Opinion
NO. 5:16-CV-00013-MTT-MSH
02-22-2016
RICO STERLING, Plaintiff, v. WARDEN ERIC SELLERS, et al., Defendants.
ORDER AND RECOMMENDATION
Pro se Plaintiff Rico Sterling, who is currently incarcerated at the Hancock State Prison in Sparta, Georgia, has filed a complaint seeking relief pursuant to 42 U.S.C. § 1983. Plaintiff has also filed a motion to appoint counsel (ECF No. 3) and seeks to proceed without prepayment of the full filing fee (ECF No. 2). See 28 U.S.C. § 1915. The undersigned has reviewed Plaintiff's submissions and GRANTS Plaintiff's motion to proceed in forma pauperis, DENIES Plaintiff's motion to appoint counsel, and finds Plaintiff's retaliation claims against Defendant Ivey and his supervisory liability claim against Defendant Sellers should proceed for further factual development. The undersigned RECOMMENDS that Plaintiff's free exercise claims be DISMISSED without prejudice. I. Motion to Proceed in forma pauperis
The Court has reviewed Plaintiff's motion to proceed in forma pauperis, and based on his submissions finds that Plaintiff is presently unable to pre-pay any portion of the filing fee. The Court thus GRANTS Plaintiff's motion (ECF No. 2) and waives the initial partial payment required by 28 U.S.C. § 1915(b)(1).
Plaintiff is nevertheless obligated to pay the full filing fee, using the installment payment plan described in 28 U.S.C. § 1915(b). The prison account custodian shall cause to be remitted to the Clerk of this Court monthly payments of 20% of the preceding month's income credited to Plaintiff's account (to the extent the account balance exceeds $10) until the $350.00 filing fee has been paid in full. The Clerk of Court is directed to send a copy of this Order to the business manager at Plaintiff's place of incarceration.
II. Motion to Appoint Counsel
Plaintiff has also moved for the appointment of counsel. Under 28 U.S.C. § 1915(e)(1), the Court "may request an attorney to represent any person unable to afford counsel." There is, however, "no absolute constitutional right to the appointment of counsel" in a § 1983 lawsuit. Poole v. Lambert, 819 F.2d 1025, 1028 (11th Cir. 1987) (per curiam). Appointment of counsel is a privilege that is justified only by exceptional circumstances. Lopez v. Reyes, 692 F.2d 15, 17 (5th Cir. 1982). In deciding whether legal counsel should be provided, the Court considers, among other factors, the merits of Plaintiff's claims and the complexity of the issues presented. Holt v. Ford, 862 F.2d 850, 853 (11th Cir. 1989) (en banc).

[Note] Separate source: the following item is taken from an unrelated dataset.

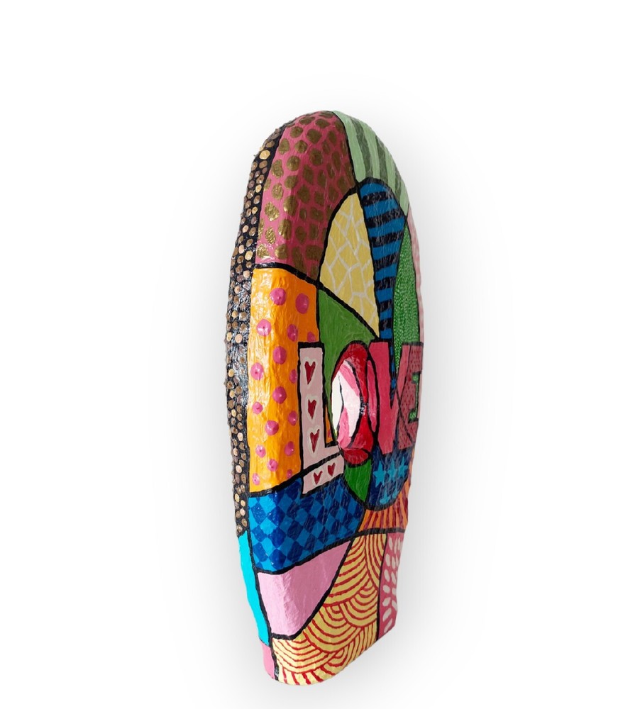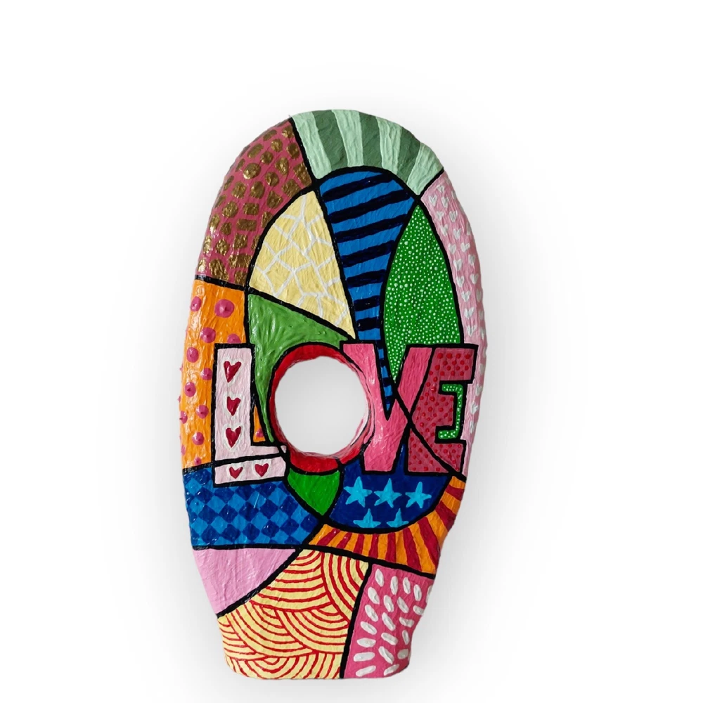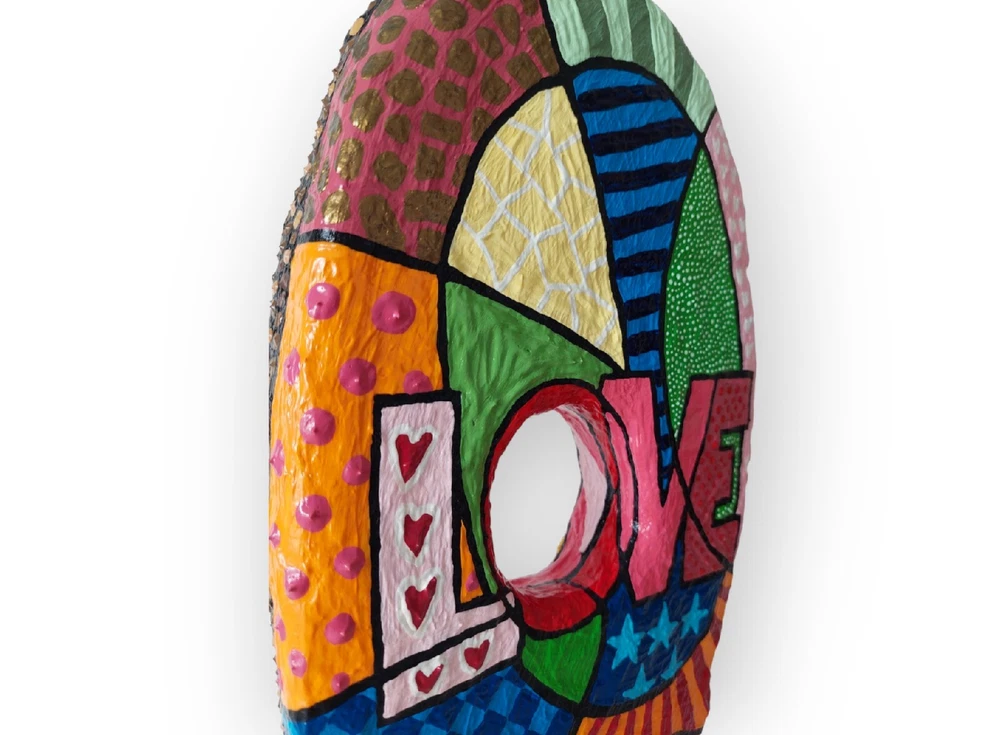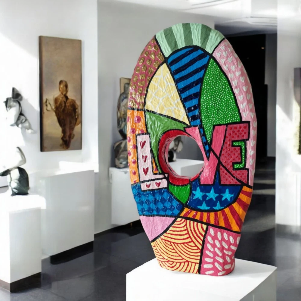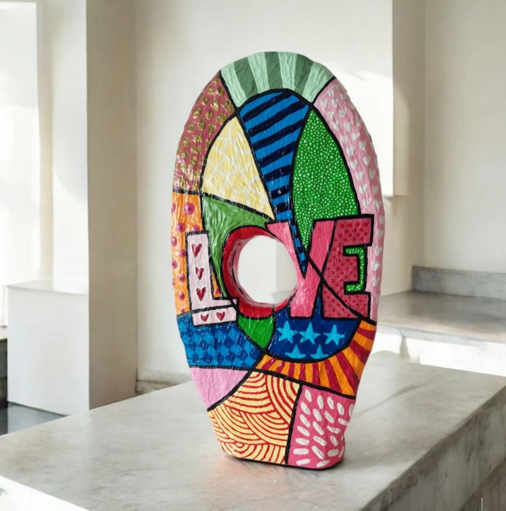 ➤Handgefertigte Unikate: Meine Skulpturen sind aus Draht, Gips, Papier, Gelmedium und Acrylfarbe gefertigt. Habe Skulpturen im Pop Art Stil oder auch abstrakte Figuren im Sortiment. ➤Geschichte/Informationen zur Skulptur: Skulptur ist auf zwei Seiten bunt bemalt im Pop Art Stil. Eine Seite mit einem Frauengesicht. Die Frau trägt eine Sonnenbrille und hat braune Haare. Auf der anderen Seite mit einem großen Schriftzug Love. Darum im Pop Art Stil bemalt. Gesamtmaße: 18 x 34 x 4 cm (B x H x T). ➤Hinweise: "Angegebene Preise sind Gesamtpreise. Kein Ausweis der Umsatzsteuer (Kleinunternehmer)." Meine Skulpturen sind ja im Inneren aus Draht und daher auch nach Fertigstellung leicht biegsam. Man darf daher gerne behutsam damit umgehen und für die Deko Skulptur gerne einen schönen Platz im Wohnzimmer, Hobbyraum o. ä. finden und die Figur dort einfach stehen lassen. Es handelt sich um eine Skulptur für den Innenraum. Bitte die Skulptur nicht in feuchte Räume (wie zum Beispiel Badezimmer) stellen. Meine Arbeiten unterliegen dem Urheberrecht und dürfen ohne schriftliche Genehmigung von mir weder verändert, ausgestellt, kopiert oder reproduziert werden. ➤Geschenkideen: Die Figur in Bewegung kann als Geschenk für einen Kollege / Kollegin sein. Oder als Mitbringsel zum Geburtstag. Als witziges oder originelles Geschenk einfach so. Als Geschenk für den Freund die Freundin. Als besonderes lustiges Präsent als Ostergeschenk gedacht sein. ➤Personalisieren: Gerne kann ich auf Wunsch eine Skulptur auch Personalisieren um ein ganz besonderes Geschenk daraus werden zu lassen. ➤Zeitgenössische abstrakte Skulpturen, Figuren, Statuen als Dekoration: Moderne, filigrane, elegante, puristische Plastiken für Kanzleien, Praxen, Hotels, für das Büro, das Schlafzimmer, das Wohnzimmer, die Wohnwand, das Sideboard, das Ablageboard, Flure, den Schreibtisch und Eingangsbereiche geeignet.

In this case, Plaintiff has filed a complaint on a standard § 1983 form. The Court is required to review the Complaint to determine whether Plaintiff's allegations state a colorable legal claim. This process is routine in pro se prisoner actions and is thus not an "exceptional circumstance" justifying appointment of counsel. The facts stated in Plaintiff's Complaint are not complicated, and the law governing Plaintiff's claims is neither novel nor complex. Plaintiff's motion to appoint counsel (ECF No. 3) is accordingly DENIED. If, however, it becomes apparent at some point later in these proceedings that counsel should be appointed in this case, after due consideration of the complexity of the issues raised or their novelty, the Court will entertain a renewed motion.
III. Preliminary Screening
A. Standard of Review
Because Plaintiff is a prisoner "seeking redress from a governmental entity or [an] officer or employee of a governmental entity," the Court is required to conduct a preliminary screening of his complaint. See 28 U.S.C. § 1915A(a). When conducting preliminary screening under 28 U.S.C. § 1915A, the Court must accept all factual allegations in the complaint as true. Boxer X v. Harris, 437 F.3d 1107, 1110 (11th Cir. 2006). Pro se pleadings, like the one in this case, are "held to a less stringent standard than pleadings drafted by attorneys and will, therefore, be liberally construed." Id. (internal quotation marks omitted). Still, the Court must dismiss a prisoner complaint if it "(1) is frivolous, malicious, or fails to state a claim upon which relief may be granted; or (2) seeks monetary relief from a defendant who is immune from such relief." 28 U.S.C. §1915A(b).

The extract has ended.